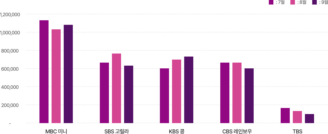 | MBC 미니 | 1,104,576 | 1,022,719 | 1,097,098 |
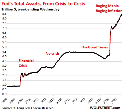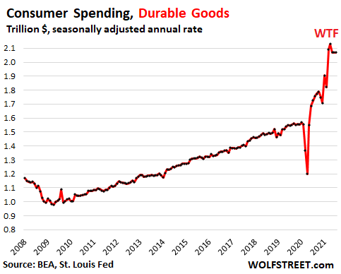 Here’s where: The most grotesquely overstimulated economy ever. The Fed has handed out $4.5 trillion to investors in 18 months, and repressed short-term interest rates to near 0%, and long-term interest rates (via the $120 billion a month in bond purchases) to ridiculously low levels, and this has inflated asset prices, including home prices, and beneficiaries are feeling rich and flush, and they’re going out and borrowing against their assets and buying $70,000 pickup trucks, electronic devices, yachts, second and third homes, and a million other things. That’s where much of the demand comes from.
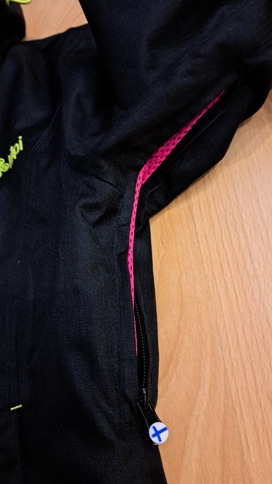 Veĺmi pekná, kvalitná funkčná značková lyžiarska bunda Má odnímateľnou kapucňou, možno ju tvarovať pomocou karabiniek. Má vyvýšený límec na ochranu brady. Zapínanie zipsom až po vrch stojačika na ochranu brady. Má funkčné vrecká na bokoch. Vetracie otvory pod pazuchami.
---
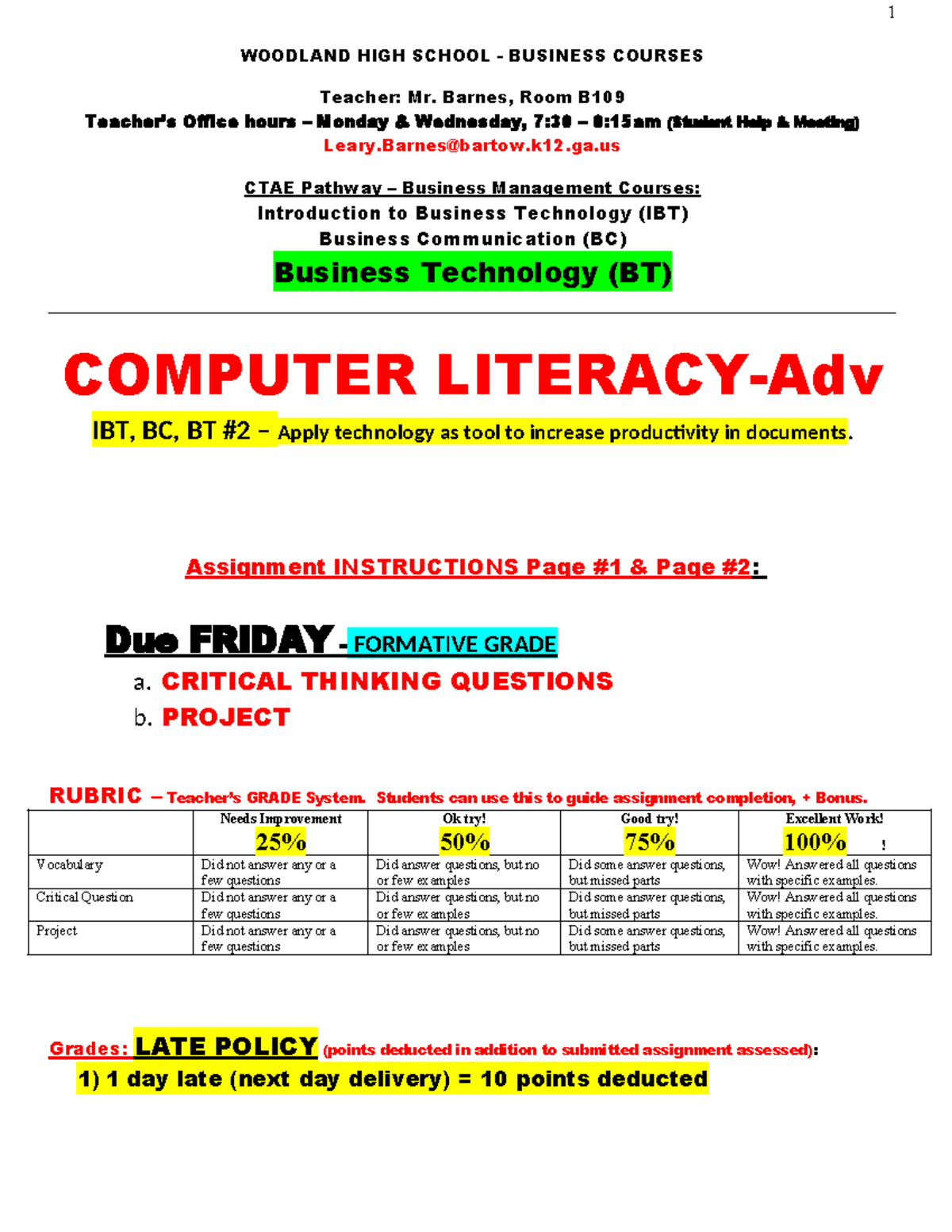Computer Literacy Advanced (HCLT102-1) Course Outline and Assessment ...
* * *
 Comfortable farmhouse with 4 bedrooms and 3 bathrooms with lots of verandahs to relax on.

◆ **How to complete this task**: Take the material above from the line containing "1,022,719 | 1,097,098 |" up to and including the line containing "Veĺmi pekná, kvalitná" and retype it exactly, without any pictures.

◆ **Exercise answer**:
 | MBC 미니 | 1,104,576 | 1,022,719 | 1,097,098 |
 Here’s where: The most grotesquely overstimulated economy ever. The Fed has handed out $4.5 trillion to investors in 18 months, and repressed short-term interest rates to near 0%, and long-term interest rates (via the $120 billion a month in bond purchases) to ridiculously low levels, and this has inflated asset prices, including home prices, and beneficiaries are feeling rich and flush, and they’re going out and borrowing against their assets and buying $70,000 pickup trucks, electronic devices, yachts, second and third homes, and a million other things. That’s where much of the demand comes from.
 Veĺmi pekná, kvalitná funkčná značková lyžiarska bunda Má odnímateľnou kapucňou, možno ju tvarovať pomocou karabiniek. Má vyvýšený límec na ochranu brady. Zapínanie zipsom až po vrch stojačika na ochranu brady. Má funkčné vrecká na bokoch. Vetracie otvory pod pazuchami.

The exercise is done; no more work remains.